Но потом Персефона открыла глаза. Она смотрела в струение теней. Темные волны. Темные клубы. Сколько видит глаз. И ее трон — рядом с троном Аида…
…Земля за окошком была покрыта зеленоватым пухом — самой нежной, самой первой зеленью, и напряженные почки на ветвях были готовы распуститься, но еще закрыты.
— Мам, почему так голо?
— Потому что.
После паузы:
— Я им показала, на что способна. Пусть знают. Вскарабкались мужики на гору, и думают, что самые крутые. Они без меня — ничтожество. Пустое место. Нет меня — нет людей, и кому они нужны? Выдумки! Они без жертв не могут, у них же зависимость. А подумать об этом, когда дочку отдавал, у Зевса божественного ума не хватило.
Дочку! Да он хоть бы за все эти годы поинтересовался, как ты там. Хоть бы раз о дне рождения вспомнил. Но теперь все будет иначе. Мы будем вместе. Смотри — уже цветы раскрываются, всего за какой-то день. Клетки делятся неистово. Ядра едва поспевают. Скоро будут плоды — самые вкусные из тех, что когда-либо были. Такой весны никогда еще не было. Такого года, как этот, еще не было и не будет.
Дома Персефона удивилась тому, что все выглядело так же, как до ее ухода. Даже забытая маечка так и валяется на стуле, как кинула ее, когда уходила гулять.

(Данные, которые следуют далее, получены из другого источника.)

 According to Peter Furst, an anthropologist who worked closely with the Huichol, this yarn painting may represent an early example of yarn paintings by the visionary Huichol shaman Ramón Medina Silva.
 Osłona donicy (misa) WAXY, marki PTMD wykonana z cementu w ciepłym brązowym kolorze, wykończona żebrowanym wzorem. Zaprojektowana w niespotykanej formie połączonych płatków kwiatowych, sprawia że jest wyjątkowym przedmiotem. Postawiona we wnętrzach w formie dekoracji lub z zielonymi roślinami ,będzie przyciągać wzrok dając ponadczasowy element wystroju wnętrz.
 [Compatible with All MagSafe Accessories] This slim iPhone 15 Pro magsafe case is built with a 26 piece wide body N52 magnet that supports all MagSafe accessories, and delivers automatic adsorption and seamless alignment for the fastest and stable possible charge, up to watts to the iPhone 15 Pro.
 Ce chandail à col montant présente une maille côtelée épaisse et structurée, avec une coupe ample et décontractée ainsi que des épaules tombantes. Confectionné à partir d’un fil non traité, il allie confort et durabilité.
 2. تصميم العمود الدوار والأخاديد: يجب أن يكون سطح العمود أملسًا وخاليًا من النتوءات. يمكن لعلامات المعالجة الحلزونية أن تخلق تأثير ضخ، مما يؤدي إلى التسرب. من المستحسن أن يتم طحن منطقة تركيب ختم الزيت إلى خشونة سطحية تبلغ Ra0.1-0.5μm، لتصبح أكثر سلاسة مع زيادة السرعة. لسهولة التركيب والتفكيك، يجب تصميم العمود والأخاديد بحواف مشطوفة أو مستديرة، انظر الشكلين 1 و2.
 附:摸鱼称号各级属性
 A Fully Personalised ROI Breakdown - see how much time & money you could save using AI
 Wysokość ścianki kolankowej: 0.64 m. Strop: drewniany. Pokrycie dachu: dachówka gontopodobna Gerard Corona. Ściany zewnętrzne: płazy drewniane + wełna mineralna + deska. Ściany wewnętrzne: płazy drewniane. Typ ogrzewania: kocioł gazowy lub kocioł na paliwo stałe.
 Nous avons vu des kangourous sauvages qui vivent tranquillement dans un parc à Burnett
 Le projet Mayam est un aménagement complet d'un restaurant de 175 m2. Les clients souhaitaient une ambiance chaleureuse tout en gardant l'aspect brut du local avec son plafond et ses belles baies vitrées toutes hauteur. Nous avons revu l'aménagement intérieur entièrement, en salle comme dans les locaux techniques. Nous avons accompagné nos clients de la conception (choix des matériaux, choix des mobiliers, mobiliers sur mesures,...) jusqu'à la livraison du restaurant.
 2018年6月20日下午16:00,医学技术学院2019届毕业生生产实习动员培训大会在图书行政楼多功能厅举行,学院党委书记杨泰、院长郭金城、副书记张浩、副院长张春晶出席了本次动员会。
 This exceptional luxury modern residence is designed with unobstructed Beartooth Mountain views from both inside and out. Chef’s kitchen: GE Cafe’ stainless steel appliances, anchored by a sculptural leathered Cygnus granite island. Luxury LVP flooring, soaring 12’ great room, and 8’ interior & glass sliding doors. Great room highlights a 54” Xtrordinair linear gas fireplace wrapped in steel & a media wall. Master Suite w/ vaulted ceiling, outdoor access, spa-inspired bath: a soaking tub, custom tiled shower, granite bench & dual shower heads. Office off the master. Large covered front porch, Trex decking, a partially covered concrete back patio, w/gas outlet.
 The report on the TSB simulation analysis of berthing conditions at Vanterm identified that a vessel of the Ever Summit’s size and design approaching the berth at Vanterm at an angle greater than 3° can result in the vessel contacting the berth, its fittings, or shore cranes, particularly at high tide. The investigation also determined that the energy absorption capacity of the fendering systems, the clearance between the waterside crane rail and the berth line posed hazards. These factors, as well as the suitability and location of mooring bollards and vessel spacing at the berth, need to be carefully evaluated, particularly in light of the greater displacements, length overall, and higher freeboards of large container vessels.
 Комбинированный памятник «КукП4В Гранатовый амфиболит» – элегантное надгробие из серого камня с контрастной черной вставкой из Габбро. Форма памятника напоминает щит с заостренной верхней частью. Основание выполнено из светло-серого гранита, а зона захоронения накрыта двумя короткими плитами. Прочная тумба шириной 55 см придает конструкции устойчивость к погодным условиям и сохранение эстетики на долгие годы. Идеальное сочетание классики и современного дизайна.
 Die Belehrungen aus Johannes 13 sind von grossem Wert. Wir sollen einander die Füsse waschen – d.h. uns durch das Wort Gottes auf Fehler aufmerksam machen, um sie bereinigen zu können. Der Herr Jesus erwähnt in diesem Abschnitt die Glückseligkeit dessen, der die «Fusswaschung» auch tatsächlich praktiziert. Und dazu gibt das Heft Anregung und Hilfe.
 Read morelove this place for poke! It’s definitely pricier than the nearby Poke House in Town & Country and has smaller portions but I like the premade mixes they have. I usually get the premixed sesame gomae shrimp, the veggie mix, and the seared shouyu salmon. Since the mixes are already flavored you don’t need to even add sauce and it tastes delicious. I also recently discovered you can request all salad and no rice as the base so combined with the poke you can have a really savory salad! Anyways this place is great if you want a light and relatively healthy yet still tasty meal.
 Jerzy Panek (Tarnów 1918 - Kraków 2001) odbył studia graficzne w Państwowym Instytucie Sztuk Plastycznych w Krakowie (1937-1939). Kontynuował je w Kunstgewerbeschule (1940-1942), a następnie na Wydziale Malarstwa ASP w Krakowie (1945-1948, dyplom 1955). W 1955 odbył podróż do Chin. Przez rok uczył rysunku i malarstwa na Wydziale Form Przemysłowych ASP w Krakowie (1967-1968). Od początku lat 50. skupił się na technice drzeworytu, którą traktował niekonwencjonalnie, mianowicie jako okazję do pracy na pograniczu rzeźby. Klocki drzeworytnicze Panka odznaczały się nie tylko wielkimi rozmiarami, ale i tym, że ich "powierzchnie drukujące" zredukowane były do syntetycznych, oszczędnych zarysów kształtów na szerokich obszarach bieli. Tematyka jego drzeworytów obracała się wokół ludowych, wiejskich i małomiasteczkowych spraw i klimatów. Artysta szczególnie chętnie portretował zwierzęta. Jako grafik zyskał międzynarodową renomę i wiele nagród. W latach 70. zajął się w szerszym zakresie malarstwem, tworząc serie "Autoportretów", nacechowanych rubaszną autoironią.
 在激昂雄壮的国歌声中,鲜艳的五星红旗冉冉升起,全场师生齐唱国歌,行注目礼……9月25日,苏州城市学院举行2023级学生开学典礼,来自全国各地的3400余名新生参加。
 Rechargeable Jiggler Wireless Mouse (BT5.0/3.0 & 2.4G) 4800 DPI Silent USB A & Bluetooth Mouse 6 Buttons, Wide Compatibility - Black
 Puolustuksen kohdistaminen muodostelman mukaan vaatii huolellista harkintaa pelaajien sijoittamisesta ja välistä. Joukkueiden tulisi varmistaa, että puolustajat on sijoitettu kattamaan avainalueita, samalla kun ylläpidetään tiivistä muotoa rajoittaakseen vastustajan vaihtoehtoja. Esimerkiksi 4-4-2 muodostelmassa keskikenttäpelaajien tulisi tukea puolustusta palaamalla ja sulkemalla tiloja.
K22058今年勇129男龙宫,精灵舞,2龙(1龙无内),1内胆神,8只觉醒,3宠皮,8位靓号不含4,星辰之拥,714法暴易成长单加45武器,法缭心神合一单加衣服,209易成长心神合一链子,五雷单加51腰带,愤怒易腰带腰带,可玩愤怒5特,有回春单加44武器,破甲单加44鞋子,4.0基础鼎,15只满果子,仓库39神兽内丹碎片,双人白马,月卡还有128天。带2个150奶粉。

— Я ничего не трогала, — пояснила Деметра, поправляя косу. — Только пыль сметала. Я очень ждала тебя.
— Спасибо, мама, — сказала Персефона и снова прижалась к ней. Втянула ноздрями запах сухих колосьев и ее благодатной кожи. Потом, не отходя от мамы, повернулась.
— Как светло. Я раньше не замечала, как хорош этот свет. Он льется и под деревья, и через ткани, он изменяется, но остается таким же легким, таким… радостным.
— Можешь принять душ, я пока приготовлю нам ужин.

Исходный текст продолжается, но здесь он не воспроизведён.